Of course, she thought, the echo was under the railway bridge, even if it seemed to be behind them and around them, more like a stealthy chorus, a whispering which seemed enormous and yet on the edge of inaudibility. It must be the bridge which turned the echo of her last words into a sound like muffled icy laughter. She peered along the road at the lightless mouth and the hint of whiteness at the far end of the tunnel, and looked away quickly. Her eyes were misbehaving again; the whiteness had appeared to lurch forwards into the tunnel. "Nearly there now," she said firmly, and stepped off the road onto the track past the lit and curtained cottage. Then she sucked in a breath to suppress whatever comment she might have blurted out. As far as she could see, their house was dark.
"It looks as if your father's gone out looking for us," she said.

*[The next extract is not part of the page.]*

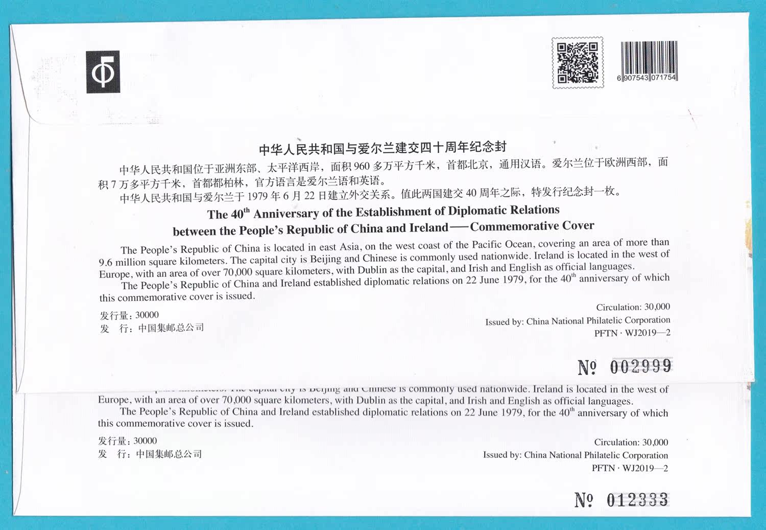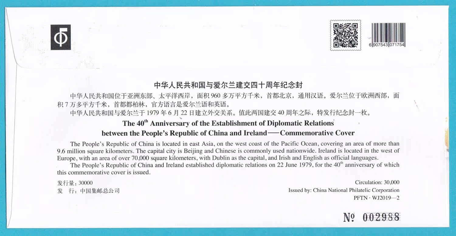 WJ2019-2 diplomatic seal on the 40 anniversary of the establishment of diplomatic relations between China and Ireland

She fumbled in her pocket and managed to extract her keys without dropping them as she picked her way along the track. She would feel better once she was home, she promised herself. She could only assume it was the way her vision was struggling to grasp the obscured shape of the forest which had caused the patterns to reappear in the snow, stretching across the common and up to the ridge. She hurried the children towards the house, gripping the key to the front door so hard between her finger and thumb that she could feel the chill of the metal through her glove. But she hadn't reached the front step when the door of the dark house swung open. "I was just coming to get you," Ben said.